Disclosure of Invention
In view of the defects of the prior art, the invention provides a preparation method of an impact-resistant low-whitening instant adhesive, which aims to solve the technical problems that the traditional instant adhesive is poor in impact resistance and easy to generate a whitening phenomenon, and thus the using effect of the instant adhesive is improved.

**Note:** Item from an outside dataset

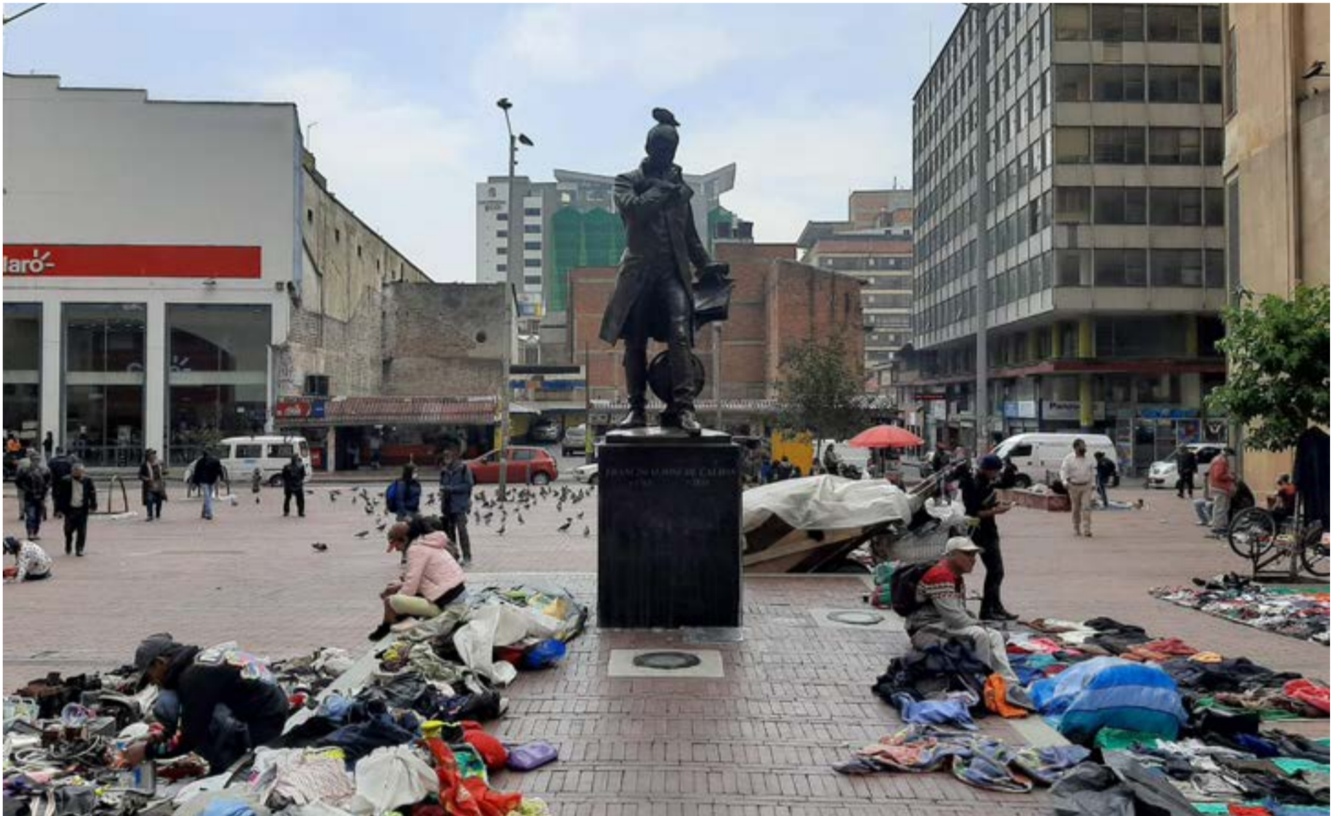
Estatua del sabio Francisco José de Caldas en la Plaza de las Nieves durante el día.

In order to achieve the above purposes, the technical scheme adopted by the invention is as follows:
a preparation method of an impact-resistant low-whitening instant adhesive comprises the following steps:
s1: preparation of butadiene/acrylate copolymer modified alpha-ethyl cyanoacrylate prepolymer: adding a functional monomer mainly containing alpha-ethyl cyanoacrylate and a solvent into a reaction kettle, introducing butadiene gas for polymerization reaction under the protection of inert atmosphere, introducing sulfonic monomers for copolymerization, slowly dropwise adding acrylate monomers in the solvent for polymerization in the reaction process, and adding a polymerization inhibitor to terminate the reaction after dropwise adding is finished to prepare a butadiene/acrylate copolymer modified alpha-ethyl cyanoacrylate prepolymer;
s2: purifying the butadiene/acrylate copolymer modified alpha-ethyl cyanoacrylate prepolymer: removing high-boiling-point organic compounds contained in the butadiene/acrylate copolymer modified alpha-ethyl cyanoacrylate prepolymer prepared in the step S1 and unreacted monomers, solvents and other small molecular substances contained in the butadiene/acrylate copolymer modified alpha-ethyl cyanoacrylate prepolymer by a reduced pressure distillation mode, performing precipitation separation in acetone, introducing supercritical carbon dioxide, and slowly releasing pressure to separate out residual unreacted monomers and other organic small molecular substances to obtain the purified butadiene/acrylate copolymer modified alpha-ethyl cyanoacrylate prepolymer;
step S2, the prepolymer and the low molecular compound are effectively separated by reduced pressure distillation, precipitation separation and supercritical separation to obtain a purified prepolymer, thereby reducing the phenomenon that the instant adhesive is aggravated by low molecular organic matters which do not participate in the reaction but are easy to volatilize in the instant adhesive;
s3: preparing the instant adhesive: and (4) uniformly stirring and mixing the butadiene/acrylate copolymer modified alpha-ethyl cyanoacrylate prepolymer obtained in the step (S2) and alpha-n-butyl cyanoacrylate to obtain the impact-resistant low-whitening instant adhesive.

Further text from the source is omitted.